Savannah pastor targets youth, ex-inmates with program

(Source: WTOC)
(Source: WTOC)
(Source: WTOC)
(Source: WTOC)

SAVANNAH, GA (WTOC) - Nearly 15 percent of homicide victims in Savannah since 2011 were younger than 20-years-old.

Pastor Thurmond Tillman at First African Baptist church reaches out to teens and people getting out of prison. When it comes to violence in Savannah, these two groups are committing crimes at an alarming rate.

"Everybody matters. Everybody. We need to make sure that every life counts," said Tillman.

That's his mission in all he does to help convicted felons with life after prison.

"Many people don't realize that 97 percent of all people incarcerated return home. With that, they need to return home to hope and possibilities," said Tillman.

In Georgia, nearly 30 percent of felons who get out, are convicted of another crime within three years. Metro Police have said before in shootings here, a lot of the victims and suspects are repeat offenders. They're destined for an early death or life in prison. Tillman started Healing Hands of Savannah to do two things. First, he tries to prevent death or life in prison. Second, he wants to make sure people in prison don't go back when they get out.

"We try to do our best to make sure people are not to a point of desperation where they will say 'I just cannot make it. I can't do it. Nobody cares. Nobody wants to help,'" said Tillman.

His program pairs up these ex-inmates with companies for work. Tillman said giving them that employment encourages them not to get back into a life of crime.

"Part of having money is, in fact, being employed so people do want to get jobs, but what's even more important than money and jobs is having a positive relationship with other people," said Tillman. "If people who are positive and people who can help, and people who can have good attitudes, would be around people who are depressed and don't have a good attitude, that could make a difference in people's lives."

When it comes to young people and violent crime, Tillman said the struggle is connecting with the families to give them the support they need.

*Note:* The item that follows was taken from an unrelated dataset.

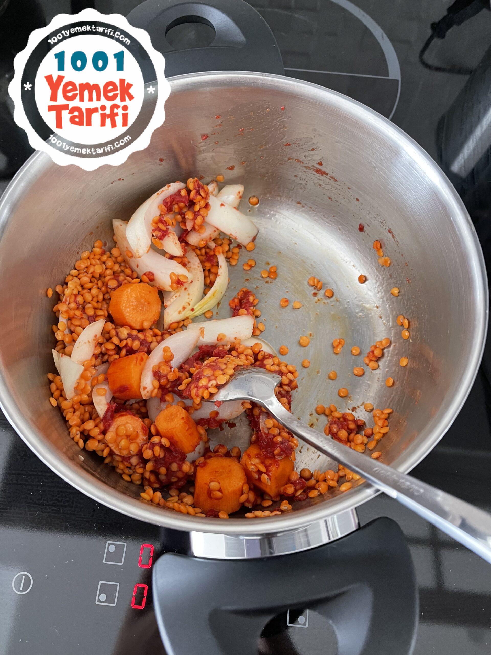 - Bir iki dakika orta ateşte mercimekleri kavurdum. İri iri doğradığımız soğan, havuç, patates ve domatesleri veya salçayı tencereye katıyoruz.

"We've all seen with high recidivism rates, that does not help anyone. Prison is not really a place for rehabilitation," said Tillman. "Incarceration is not the deterrent it used to be. At one point, incarceration was 'wow please no I don't want to get caught. I'm not doing anything wrong because I don't want to go to jail.'"

What's most important, he said, is for everyone to get involved at some level.